My guess is when KNC and HF open up January orders either they will be priced aggressively or the market will simply not commit.  
3996  Bitcoin / Press / Re: 2013-10-26 forbes.com - fbi-says-its-seized-20-million-in-bitcoins-from-ross-ulb on: October 26, 2013, 03:03:38 AM
Common sense would make you think that the bitcoin community should react positive with this news. Like i said elsewhere, we are years away from them deciding the case, so those coins are not going to hit the market any time soon.... So, we know that those coins will be out of the loop for years, unless DPR strikes a deal, which I dont think is going to happen...

And in the mean time bitcoin grows, and when the FBI finally does sell them, they suddenly have a trillion dollars to spend on privacy invasion.

Technically DOJ.  Forfeited assets are handled by DOJ.  Right now it is evidence but after conviction it will be turned over to DOJ who handles all forms of forfeited assets yachts, planes, gold depositories, luxury goods, you name it and the feds have at one time seized and auctioned it.  Until he is convicted the funds will just sit there.  On the off chance he is found not guilty the first thing he lawyers would be doing is filing to have his wrongfully seized assets returned.   Not saying it will happen but because of that the DOJ will wait for a conviction before doing anything with the seized assets.

Proceeds go to the treasury so it isn't like the FBI gets to keep the funds.
3997  Bitcoin / Group buys / Re: [SOLD OUT] ASICMiner 49 port hubs + 50 units! 1.75 BTC - Hub only 1.1 BTC on: October 26, 2013, 02:59:30 AM
Yeah nice find.

Watts = Volts * Amps
Watts = 5 * 36
Watts = 180W peak


3998  Bitcoin / Hardware / Re: HashFast announces specs for new ASIC: 400GH/s on: October 26, 2013, 02:52:17 AM
I don't think pulling wire is that likely, at least probably not with recent construction in a place with code enforcement.

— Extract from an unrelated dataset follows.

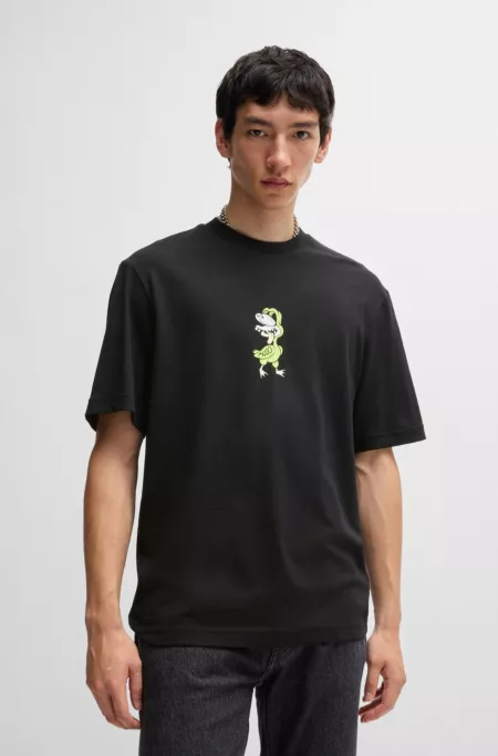Cotton-jersey T-shirt with logo and animal graphic

Standard here would be a 120v 20 amp circuit on 12 gauge romex... I'm not an electrical engineer, but shouldn't that be sufficient for nearly 2000 watts constant load?  I've done a little bit of homeowner construction to code, and they make you run a separate circuit for just about damn near everything these days, except lights...  I guess the concern would be if you've got an old 15 amp circuit on skinny little wire or hooked up to your air conditioner....

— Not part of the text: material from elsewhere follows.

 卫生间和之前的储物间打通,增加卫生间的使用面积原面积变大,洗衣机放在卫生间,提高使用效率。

120V, 20A circuit is solid for 1920W continual, 2400W peak.  Most household outlets, branches, and breakers are 15A though and that means 14 AWG.  Might be better in newer construction but wire is expensive and builders are usually cheap.

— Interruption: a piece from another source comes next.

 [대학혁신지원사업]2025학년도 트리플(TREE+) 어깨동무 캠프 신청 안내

If someone is looking to do an upgrade just do it right with 240V, 30A branch.   An outlet like this is good for 5.76KW continual and ebay has tons of cheap used PDUs which have a NEMA L6-30 plug.


Probably good for at least 3 Sierras maybe 4 depending on what final wattage ends up being.  My guess is HF puts some overhead in the PSU so 1700W of PSU doesn't mean they intend for it to draw 1700W.  Drawing say 1300W would keep the PSU at 80% load.
3999  Bitcoin / Hardware / Re: HashFast announces specs for new ASIC: 400GH/s on: October 26, 2013, 02:28:22 AM
The NEC requires a 20% derate for continual loads so 15A 120V circuit is good for 1440W continual.  
4000  Bitcoin / Hardware / Re: HashFast announces specs for new ASIC: 400GH/s on: October 26, 2013, 02:04:04 AM
i dont know how hot hf will allow them to run, but im guessing around 100 degrees is the practical upper limit... heck, if they can quickly modulate the volts/clocks, i suspect they can let them run even hotter.

Unless the silicon was designed for high temp I don't expect the system allowing a junction temp of higher than 85C maybe 90C max.  Hashfast has indicated that the chips adjust clock based on internal temp but hasn't indicated the operating temp.   Of course the advantage of those radiators is if you want to handle higher thermal output with lower delta over ambient swap the fans for more powerful ones.  If you don't mind the noise upgrade em all the way to Delta high rpm fans.